The suit was filed in U.S. District Court for the District of Columbia. If the MARAD decision is allowed to stand, it would give New Jersey veto power over the construction of the facility, which would serve the New York metropolitan region.
Attorneys for Atlantic Sea Island said they believe MARAD did not have the authority to make the designation and did not apply the standards that Congress required when it created the “adjacent coastal state” statute in 1974.
“The agency relied on a one and one-quarter page letter from the National Oceanic and Atmospheric Administration (NOAA). In contrast, the Atlantic Sea Island permit application extends to some 5,000 pages,” Atlantic Sea Island said. “Furthermore, despite four Freedom of Information Act requests, the government has refused to disclose the NOAA letter to the company.”
The terminal is proposed for a 60.5-acre man-made island 23 miles from New York Harbor, 19 miles from New Jersey and 13.5 miles south of Long Beach, Long Island. Safe Harbor is designed to bring LNG to the New York metro region and the northeastern United States and have the capacity to deliver up to 2 Bcf/d to 65 million consumers. The terminal would store LNG in four on-site tanks before regasification and transmission.

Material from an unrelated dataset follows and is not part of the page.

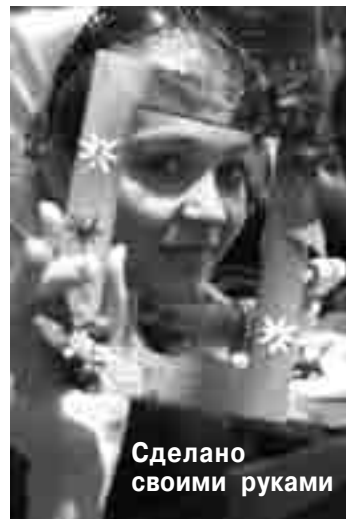
Сделано своими руками

Вифания, когда встречала некоторых «безстеновцев», так хотелось их обнять.....))))))))) Как все было замечательно)))))) Какая замечательная у нас молодежь))))))))) Я была на этом фестивале в первый раз, но, надеюсь, не в последний)))))) Очень благодарна Богу, что приобрела новых знакомых, а, возможно, и друзей, Господь знает))))

“This is about adherence to the rule of law and the intent of Congress,” said Atlantic Sea Island Chairman Howard Bovers. “This is about fairness, merit and the judicial review of a process that appears to have run afoul of special interests. This is about an application that seeks to follow the spirit and letter of the law and is being punished for having done so.”
Safe Harbor is in direct competition with the Broadwater LNG project proposed by TransCanada and Shell on the north side of Long Island in the protected waters of Long Island Sound about nine miles from the closest New York shoreline and 11 miles from the closest Connecticut shoreline. Safe Harbor’s U.S. Coast Guard application was deemed complete last summer (see NGI, Aug. 20, 2007). Broadwater received a favorable environmental review from the Federal Energy Regulatory Commission in January (see NGI, Jan. 14). Broadwater has been strongly opposed by the state of Connecticut (see NGI, Oct. 1, 2007).
Both Broadwater and Safe Harbor would serve New York regional markets. Broadwater would be connected to the Iroquois Gas Transmission System, while Safe Harbor presumably would be connected to Transcontinental Gas Pipeline.
Atlantic Sea Island is a consortium of private investors.